*EXERCISE AIM*: Restate word for word the lines of the records below, starting at the line that contains "LEDが組み込まれて夜に光る看板は、店主自慢の看板だ!" and ending at the line that contains "你的目标即是越狱,期间你可以", with both of those lines included and nothing else.

▬▬▬

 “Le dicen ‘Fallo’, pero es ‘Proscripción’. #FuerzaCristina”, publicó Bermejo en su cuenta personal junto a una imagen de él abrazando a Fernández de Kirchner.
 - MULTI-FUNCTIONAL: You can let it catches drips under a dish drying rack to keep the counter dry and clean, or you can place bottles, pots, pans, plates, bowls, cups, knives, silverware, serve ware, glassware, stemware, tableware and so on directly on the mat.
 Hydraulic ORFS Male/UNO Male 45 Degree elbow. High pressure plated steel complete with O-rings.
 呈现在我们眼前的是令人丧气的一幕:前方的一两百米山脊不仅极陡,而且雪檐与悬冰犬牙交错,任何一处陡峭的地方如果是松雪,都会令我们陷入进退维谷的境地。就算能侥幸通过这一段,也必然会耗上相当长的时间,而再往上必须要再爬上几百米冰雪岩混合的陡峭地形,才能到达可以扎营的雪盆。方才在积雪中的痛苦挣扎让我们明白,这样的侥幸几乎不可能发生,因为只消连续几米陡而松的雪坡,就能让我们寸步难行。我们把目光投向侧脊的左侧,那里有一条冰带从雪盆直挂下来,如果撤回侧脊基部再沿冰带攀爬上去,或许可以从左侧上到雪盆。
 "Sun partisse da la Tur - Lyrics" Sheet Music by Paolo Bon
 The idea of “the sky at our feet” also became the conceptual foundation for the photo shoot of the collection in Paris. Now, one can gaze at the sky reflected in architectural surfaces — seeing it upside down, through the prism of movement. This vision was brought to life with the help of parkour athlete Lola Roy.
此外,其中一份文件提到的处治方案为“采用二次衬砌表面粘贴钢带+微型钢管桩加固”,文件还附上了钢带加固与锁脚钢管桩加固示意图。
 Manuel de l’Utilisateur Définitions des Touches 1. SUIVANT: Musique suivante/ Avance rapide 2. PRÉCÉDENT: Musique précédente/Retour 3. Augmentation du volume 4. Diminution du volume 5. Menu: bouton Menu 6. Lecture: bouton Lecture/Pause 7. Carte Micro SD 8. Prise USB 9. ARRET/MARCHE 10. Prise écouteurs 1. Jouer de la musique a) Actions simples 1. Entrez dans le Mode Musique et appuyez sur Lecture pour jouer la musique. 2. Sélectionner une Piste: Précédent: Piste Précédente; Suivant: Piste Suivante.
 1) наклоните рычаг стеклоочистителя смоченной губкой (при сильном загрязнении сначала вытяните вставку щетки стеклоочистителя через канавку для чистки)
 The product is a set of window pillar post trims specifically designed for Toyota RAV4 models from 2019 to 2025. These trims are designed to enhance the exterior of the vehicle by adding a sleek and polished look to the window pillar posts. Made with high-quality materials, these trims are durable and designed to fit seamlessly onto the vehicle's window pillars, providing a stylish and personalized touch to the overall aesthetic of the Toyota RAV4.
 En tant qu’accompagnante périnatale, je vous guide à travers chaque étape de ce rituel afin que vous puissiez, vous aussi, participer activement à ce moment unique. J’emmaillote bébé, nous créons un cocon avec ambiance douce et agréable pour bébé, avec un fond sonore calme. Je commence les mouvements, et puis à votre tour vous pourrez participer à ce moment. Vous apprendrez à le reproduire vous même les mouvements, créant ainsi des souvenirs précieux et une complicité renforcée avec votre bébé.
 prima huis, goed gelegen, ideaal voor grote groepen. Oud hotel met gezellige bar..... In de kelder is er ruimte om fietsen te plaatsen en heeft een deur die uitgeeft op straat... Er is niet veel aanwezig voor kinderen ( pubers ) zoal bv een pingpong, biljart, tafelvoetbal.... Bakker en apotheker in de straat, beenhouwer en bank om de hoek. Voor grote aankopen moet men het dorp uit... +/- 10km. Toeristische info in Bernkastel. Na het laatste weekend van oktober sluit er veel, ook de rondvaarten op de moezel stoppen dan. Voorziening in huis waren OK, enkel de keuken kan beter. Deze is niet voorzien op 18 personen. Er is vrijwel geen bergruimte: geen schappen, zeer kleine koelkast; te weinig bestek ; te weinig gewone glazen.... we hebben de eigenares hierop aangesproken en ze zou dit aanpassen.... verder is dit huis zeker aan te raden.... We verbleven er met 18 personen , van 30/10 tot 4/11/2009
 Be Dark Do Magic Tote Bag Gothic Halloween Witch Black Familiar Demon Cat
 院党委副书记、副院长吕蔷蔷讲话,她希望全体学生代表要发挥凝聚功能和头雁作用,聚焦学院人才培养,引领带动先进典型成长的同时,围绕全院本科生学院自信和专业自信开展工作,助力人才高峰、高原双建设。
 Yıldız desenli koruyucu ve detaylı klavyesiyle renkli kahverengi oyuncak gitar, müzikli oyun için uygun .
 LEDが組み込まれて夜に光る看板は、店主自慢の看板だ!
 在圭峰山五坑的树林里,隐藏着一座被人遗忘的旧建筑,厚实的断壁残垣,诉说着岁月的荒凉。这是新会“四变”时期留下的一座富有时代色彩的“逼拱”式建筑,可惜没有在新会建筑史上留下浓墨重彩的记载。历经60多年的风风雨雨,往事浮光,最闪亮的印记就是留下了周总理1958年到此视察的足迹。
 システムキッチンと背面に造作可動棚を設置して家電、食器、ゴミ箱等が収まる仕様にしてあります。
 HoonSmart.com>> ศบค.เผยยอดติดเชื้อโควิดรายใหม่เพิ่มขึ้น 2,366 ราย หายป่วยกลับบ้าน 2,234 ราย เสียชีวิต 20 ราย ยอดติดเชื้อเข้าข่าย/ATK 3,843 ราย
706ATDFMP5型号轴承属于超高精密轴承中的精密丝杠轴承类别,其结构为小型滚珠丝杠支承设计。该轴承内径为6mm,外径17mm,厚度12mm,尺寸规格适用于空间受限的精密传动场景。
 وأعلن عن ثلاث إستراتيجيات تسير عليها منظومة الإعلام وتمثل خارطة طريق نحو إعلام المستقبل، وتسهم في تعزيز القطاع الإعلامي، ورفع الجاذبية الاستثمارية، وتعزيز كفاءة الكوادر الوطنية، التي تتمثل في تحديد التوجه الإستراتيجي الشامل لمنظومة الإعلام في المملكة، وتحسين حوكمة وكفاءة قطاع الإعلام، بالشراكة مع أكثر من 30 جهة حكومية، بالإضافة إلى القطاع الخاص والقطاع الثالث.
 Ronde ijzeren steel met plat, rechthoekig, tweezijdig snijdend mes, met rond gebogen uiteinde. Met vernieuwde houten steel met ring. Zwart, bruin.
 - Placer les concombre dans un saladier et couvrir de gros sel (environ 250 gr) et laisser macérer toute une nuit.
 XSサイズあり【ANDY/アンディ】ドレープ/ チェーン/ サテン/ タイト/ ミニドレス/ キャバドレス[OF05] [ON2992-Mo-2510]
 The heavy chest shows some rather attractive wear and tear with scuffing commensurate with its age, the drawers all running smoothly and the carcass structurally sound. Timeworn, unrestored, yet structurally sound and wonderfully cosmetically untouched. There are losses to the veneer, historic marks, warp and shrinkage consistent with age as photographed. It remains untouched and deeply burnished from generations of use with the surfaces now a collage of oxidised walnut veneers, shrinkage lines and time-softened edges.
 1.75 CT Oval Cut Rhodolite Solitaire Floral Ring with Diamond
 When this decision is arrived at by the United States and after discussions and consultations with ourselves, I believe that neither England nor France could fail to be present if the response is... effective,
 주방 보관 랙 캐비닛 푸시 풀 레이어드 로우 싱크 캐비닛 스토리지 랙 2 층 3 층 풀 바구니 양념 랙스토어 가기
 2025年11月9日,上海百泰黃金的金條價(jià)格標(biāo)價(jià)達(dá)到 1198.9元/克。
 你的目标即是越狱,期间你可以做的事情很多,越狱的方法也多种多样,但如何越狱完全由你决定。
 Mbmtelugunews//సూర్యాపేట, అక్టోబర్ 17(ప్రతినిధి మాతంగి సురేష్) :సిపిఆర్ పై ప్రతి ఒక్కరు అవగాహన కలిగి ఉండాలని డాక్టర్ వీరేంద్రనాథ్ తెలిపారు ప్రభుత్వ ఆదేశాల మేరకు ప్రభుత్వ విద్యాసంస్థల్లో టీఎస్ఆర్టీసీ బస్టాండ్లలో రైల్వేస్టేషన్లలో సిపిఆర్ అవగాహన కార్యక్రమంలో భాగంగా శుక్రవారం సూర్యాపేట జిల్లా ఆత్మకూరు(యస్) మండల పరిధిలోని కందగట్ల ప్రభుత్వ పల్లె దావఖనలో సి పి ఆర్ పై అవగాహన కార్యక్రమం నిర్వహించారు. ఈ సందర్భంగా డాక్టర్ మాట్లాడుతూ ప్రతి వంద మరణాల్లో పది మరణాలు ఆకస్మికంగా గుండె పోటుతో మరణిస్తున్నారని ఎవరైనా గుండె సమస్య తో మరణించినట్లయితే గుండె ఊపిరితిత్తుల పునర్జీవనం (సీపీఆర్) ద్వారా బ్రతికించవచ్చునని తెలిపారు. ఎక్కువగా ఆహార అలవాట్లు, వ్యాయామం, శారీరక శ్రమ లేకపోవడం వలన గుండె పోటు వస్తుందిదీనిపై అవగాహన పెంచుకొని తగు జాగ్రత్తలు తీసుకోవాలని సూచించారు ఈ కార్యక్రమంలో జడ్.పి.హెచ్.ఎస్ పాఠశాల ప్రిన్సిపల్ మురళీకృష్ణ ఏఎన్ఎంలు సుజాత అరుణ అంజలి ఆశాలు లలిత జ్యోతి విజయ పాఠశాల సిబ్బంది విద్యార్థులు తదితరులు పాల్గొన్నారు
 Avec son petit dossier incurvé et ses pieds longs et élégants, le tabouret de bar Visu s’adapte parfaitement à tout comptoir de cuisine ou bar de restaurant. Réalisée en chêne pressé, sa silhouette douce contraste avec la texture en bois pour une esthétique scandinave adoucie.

▬▬▬

*ANSWER TO THE EXERCISE*:
 LEDが組み込まれて夜に光る看板は、店主自慢の看板だ!
 在圭峰山五坑的树林里,隐藏着一座被人遗忘的旧建筑,厚实的断壁残垣,诉说着岁月的荒凉。这是新会“四变”时期留下的一座富有时代色彩的“逼拱”式建筑,可惜没有在新会建筑史上留下浓墨重彩的记载。历经60多年的风风雨雨,往事浮光,最闪亮的印记就是留下了周总理1958年到此视察的足迹。
 システムキッチンと背面に造作可動棚を設置して家電、食器、ゴミ箱等が収まる仕様にしてあります。
 HoonSmart.com>> ศบค.เผยยอดติดเชื้อโควิดรายใหม่เพิ่มขึ้น 2,366 ราย หายป่วยกลับบ้าน 2,234 ราย เสียชีวิต 20 ราย ยอดติดเชื้อเข้าข่าย/ATK 3,843 ราย
706ATDFMP5型号轴承属于超高精密轴承中的精密丝杠轴承类别,其结构为小型滚珠丝杠支承设计。该轴承内径为6mm,外径17mm,厚度12mm,尺寸规格适用于空间受限的精密传动场景。
 وأعلن عن ثلاث إستراتيجيات تسير عليها منظومة الإعلام وتمثل خارطة طريق نحو إعلام المستقبل، وتسهم في تعزيز القطاع الإعلامي، ورفع الجاذبية الاستثمارية، وتعزيز كفاءة الكوادر الوطنية، التي تتمثل في تحديد التوجه الإستراتيجي الشامل لمنظومة الإعلام في المملكة، وتحسين حوكمة وكفاءة قطاع الإعلام، بالشراكة مع أكثر من 30 جهة حكومية، بالإضافة إلى القطاع الخاص والقطاع الثالث.
 Ronde ijzeren steel met plat, rechthoekig, tweezijdig snijdend mes, met rond gebogen uiteinde. Met vernieuwde houten steel met ring. Zwart, bruin.
 - Placer les concombre dans un saladier et couvrir de gros sel (environ 250 gr) et laisser macérer toute une nuit.
 XSサイズあり【ANDY/アンディ】ドレープ/ チェーン/ サテン/ タイト/ ミニドレス/ キャバドレス[OF05] [ON2992-Mo-2510]
 The heavy chest shows some rather attractive wear and tear with scuffing commensurate with its age, the drawers all running smoothly and the carcass structurally sound. Timeworn, unrestored, yet structurally sound and wonderfully cosmetically untouched. There are losses to the veneer, historic marks, warp and shrinkage consistent with age as photographed. It remains untouched and deeply burnished from generations of use with the surfaces now a collage of oxidised walnut veneers, shrinkage lines and time-softened edges.
 1.75 CT Oval Cut Rhodolite Solitaire Floral Ring with Diamond
 When this decision is arrived at by the United States and after discussions and consultations with ourselves, I believe that neither England nor France could fail to be present if the response is... effective,
 주방 보관 랙 캐비닛 푸시 풀 레이어드 로우 싱크 캐비닛 스토리지 랙 2 층 3 층 풀 바구니 양념 랙스토어 가기
 2025年11月9日,上海百泰黃金的金條價(jià)格標(biāo)價(jià)達(dá)到 1198.9元/克。
 你的目标即是越狱,期间你可以做的事情很多,越狱的方法也多种多样,但如何越狱完全由你决定。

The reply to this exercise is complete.